In 1926, the International Table Tennis Association was formed in Berlin. The same year, London hosted the first World Table Tennis Championships. Gradually, official ping-pong organizations began popping up around the globe.
Although it's said that ping-pong was introduced to the Far East by British army officers in the early 20th century, it officially became an Asian phenomenon in the early 1950s. By the time the 1952 Ping-Pong Championships were held in Mumbai, Asian players were dominating the scene. That year, Japan won four gold medals. Soon after, Mao Zedong declared table tennis as China's national sport—likely because the International Table Tennis Federation recognized the Communist Chinese government in Beijing.
China won its first World Ping-Pong Championship in 1959. Currently, it holds more Olympic gold medals in the sport than any other nation.
5. HISTORY'S BEST PING-PONG PLAYER IS A SWEDE.
The English invented ping-pong, and the sport is currently dominated by the Chinese. However, it's a Swede named Jan-Ove Waldner who is often recognized as history’s best ping-pong player. Thanks to his multiple Olympic and World championships medals, he’s called the “Mozart of table tennis."
6. IT'S ENJOYING A COMEBACK.
Once associated with musty recreation rooms, ping-pong is now a bona fide social trend. Ping-pong bars like New York City's SPiN allow patrons to compete against in one another in a nightclub-esque atmosphere, and resorts like Forte Village in Sardinia, Italy advertise themselves as “luxury table-tennis resorts.” Since the International Table Tennis Federation reports that some 300 million people play ping-pong, it looks like these businesses won’t be hard-pressed for patrons.
7. IT'S IN THE OLYMPICS.
8. IT HAS INSPIRED INVENTORS.
Daniel Thompson, inventor of the bagel machine, passed away in September 2015. While he was lauded for his game-changing culinary creation, he was also remembered for revolutionizing recreation rooms across the country. One of Thompson’s lesser-known but equally recognizable creations was the foldable Ping-Pong table with wheels.

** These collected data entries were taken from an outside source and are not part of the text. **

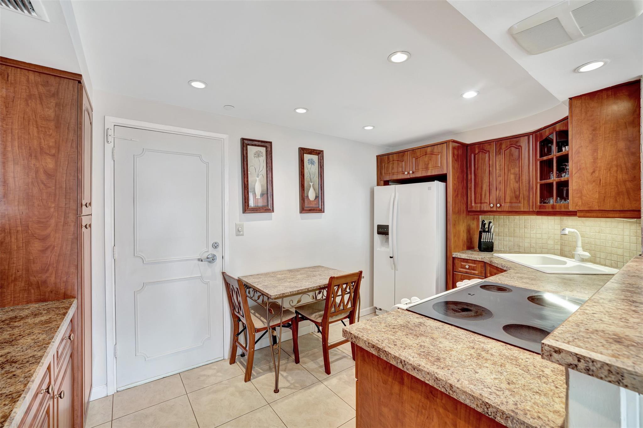 Enjoy OCEAN views from this 5th floor fully furnished one bedroom! TURN KEY GET-AWAY NEXT TO THE BEACH. Just bring your toothbrush, everything else is here. Kitchen is open to dining room - perfect for entertaining. Kitchen features Whisper quiet Bosch dishwasher, newer appliances & deep wood toned cabinetry. Crown molding complements the ceilings. Interior completely upgraded in a cohesive fashion. A/C new in 2018, hot water heater new in 2024. Building has fully funded reserves, A+ Insurance rating, 40 + 10 year inspections passed and no assessments planned. 55+ community, cash only, no renting. In the middle of everything; restaurants, entertainment, boating, golf, tennis, pickle ball. High speed fiber optic internet and cable included in maintenance.
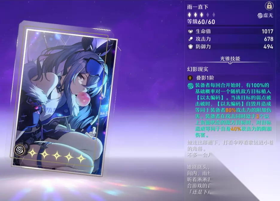 到了后期,如果想让银狼能够迎来一次质的飞升,那么“雨一直下”这件武器就能够轻松达到这个目标,满级的雨一直下能够给银狼带来1017点的生命值、678点的攻击和494点的防御力提升,最重要的是这件武器的自带技能“幻影现实”,作为银狼的专属武器,在战斗开始前就能有100%的几率对随机一个敌人植入“以太编码”,只要该目标被击破弱点,编码就能够自毁并造成银狼80%攻击力的附伤,同时攻击三个以上的负面状态的敌人是,还能够附加40%银狼攻击力的伤害,这样既能提升银狼的基础属性,又能让银狼在辅助的同时打出高额的伤害,是最适合银狼的武器没有之一。
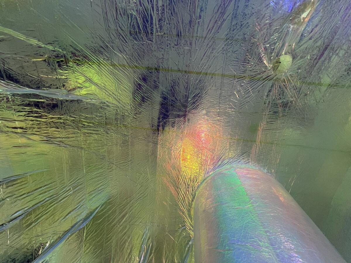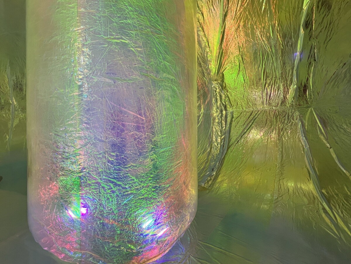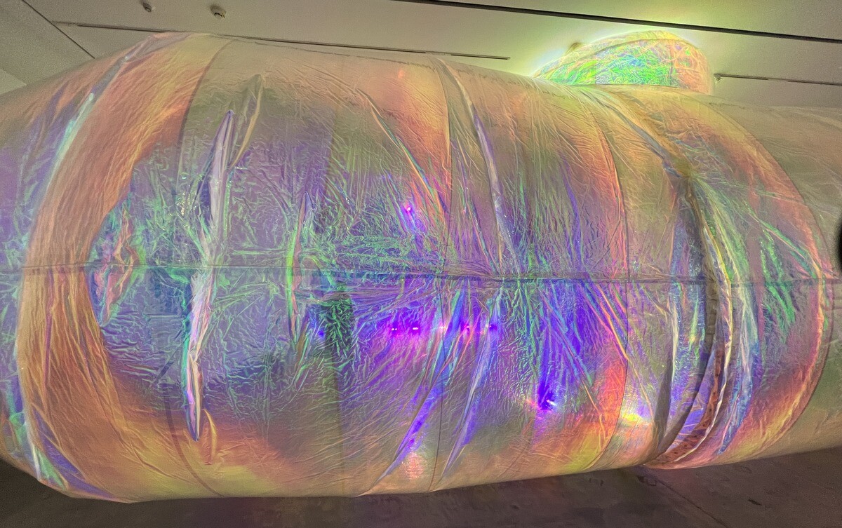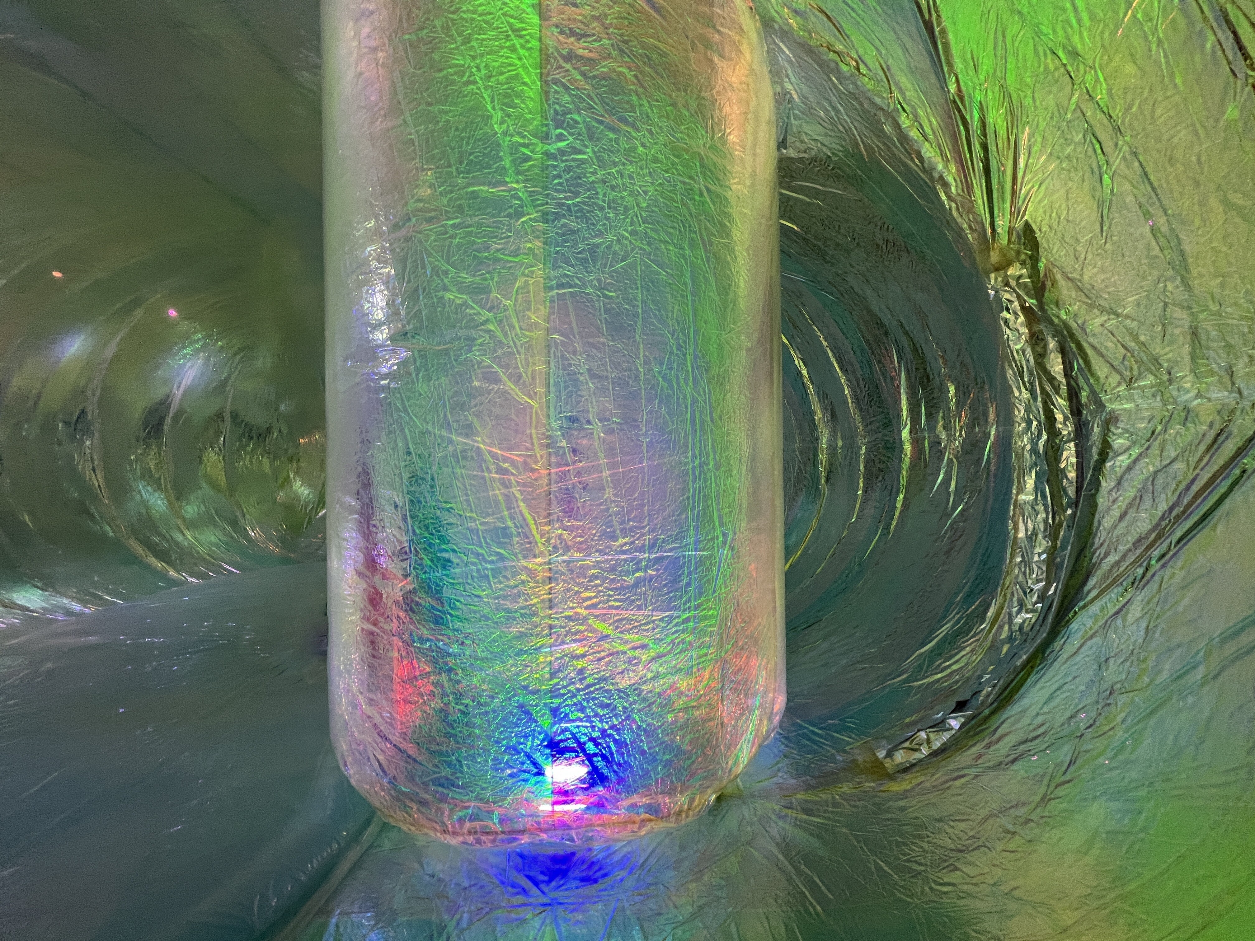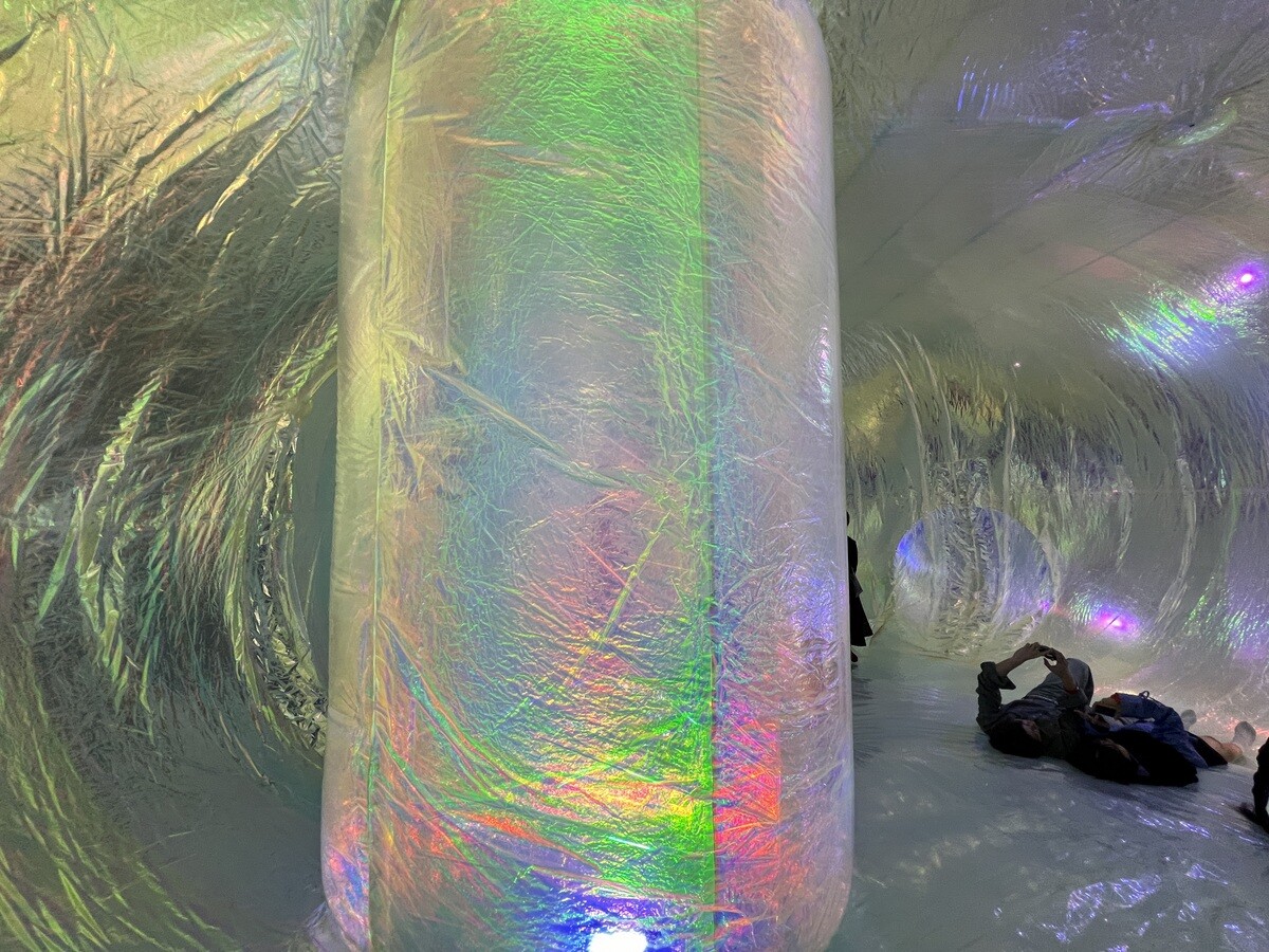 さまざまな色に変化するバルーンの作品の内側に、右の細い入口から入ることが出来る。
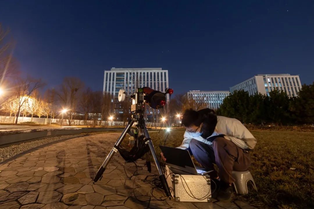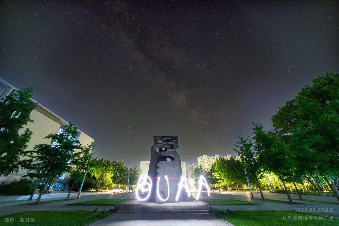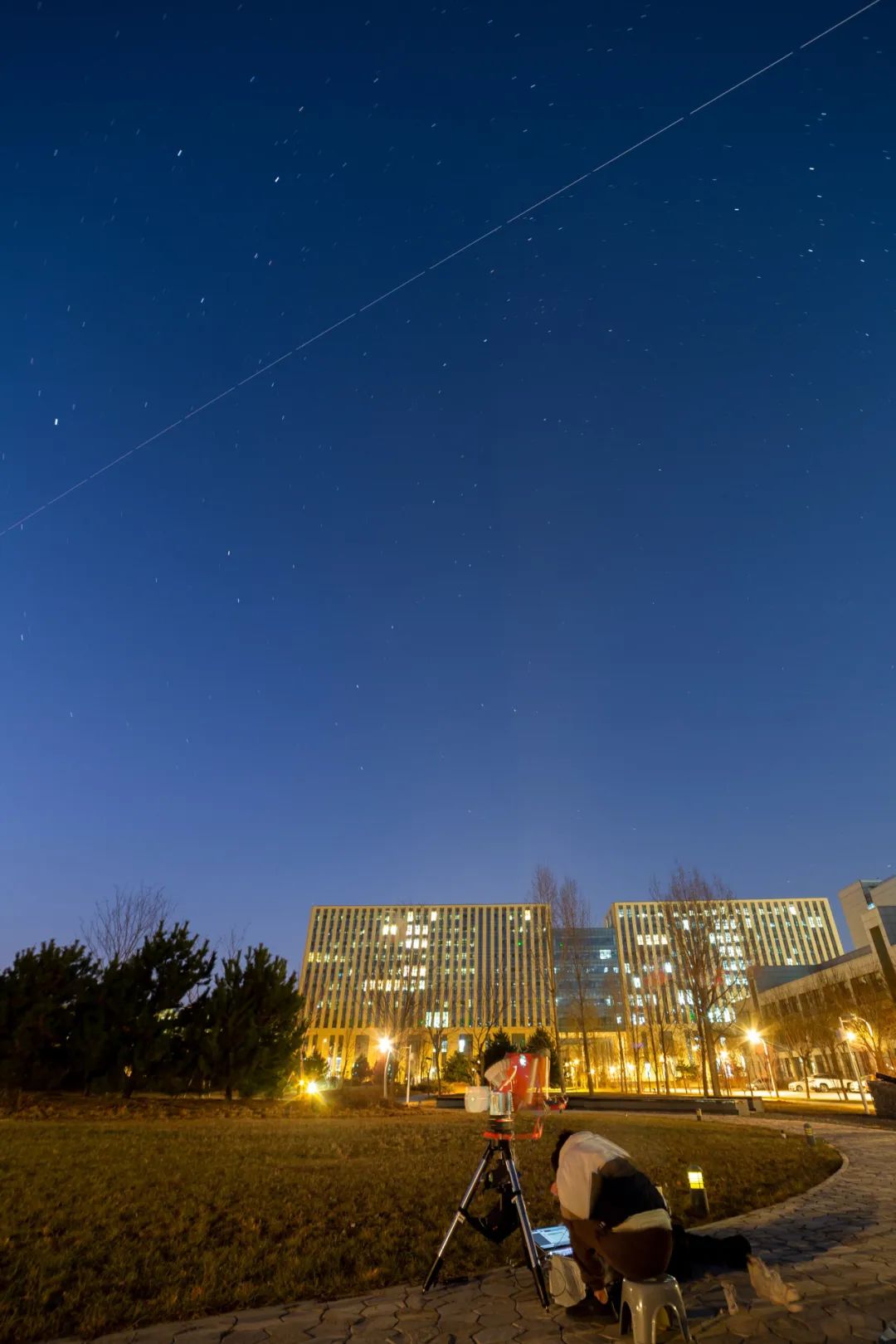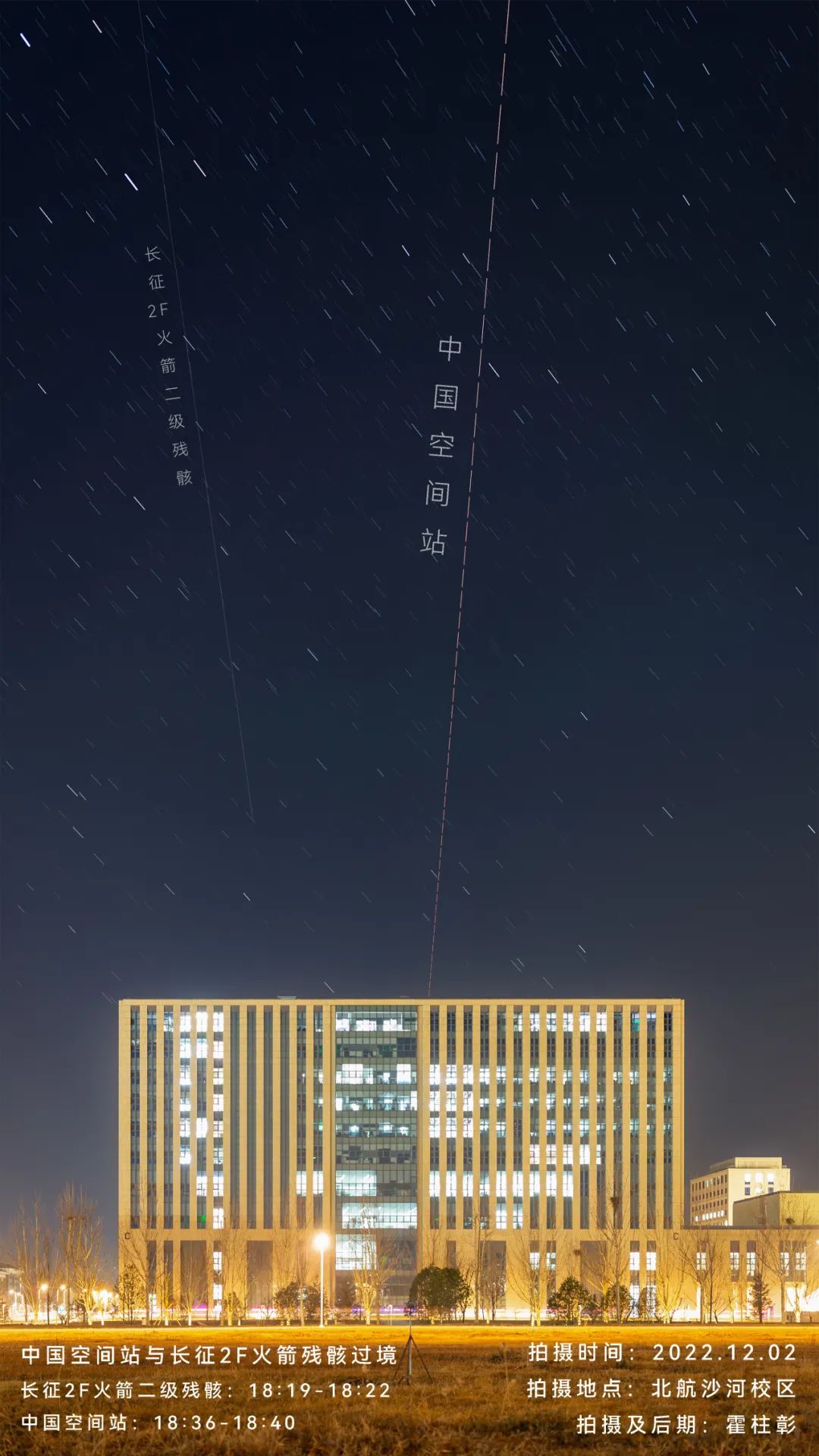 在北航沙河校区内拍摄(弧线为中国空间站过境轨迹)

9. IT'S BEEN USED AS A DIPLOMATIC TOOL.
In the early 1970s, ping-pong was used to thaw relations between China and the United States. Much to Western officials’ surprise, the American world champion table tennis team was invited to visit the People’s Republic of China in 1971, where they played a series of friendly matches against the Chinese team. The athletes became the first Americans to visit China in an official capacity since the Chinese Communist Revolution of 1949. This action signified a major shift in international alliances, and led to President Richard Nixon's trip to Beijing in 1972.
10. IT WAS ONCE SUPPOSEDLY BANNED IN THE SOVIET UNION.
While ping-pong was embraced by most countries, Soviet Union officials supposedly held no love for the game. It was banned from 1930 to 1950 in the Soviet Union because it was thought to be an ugly game.
11. IT'S A GAME OF SPEED.
Skilled athletes can slam a ping pong ball across the net at speeds surpassing 100 miles per hour.
In 1993, two players named Jackie Bellinger and Lisa Lomas set a World Record for hitting a ping pong ball back and forth 173 times in one minute.
12. IT'S A CALORIE-BURNING SPORT.
According to Weight Watchers, ping-pong is a bona fide, calorie-burning sport. Beginners can expect to burn between 200 and 350 calories per hour of play, and advanced players can burn up to 500 calories per hour, depending on how active the match gets.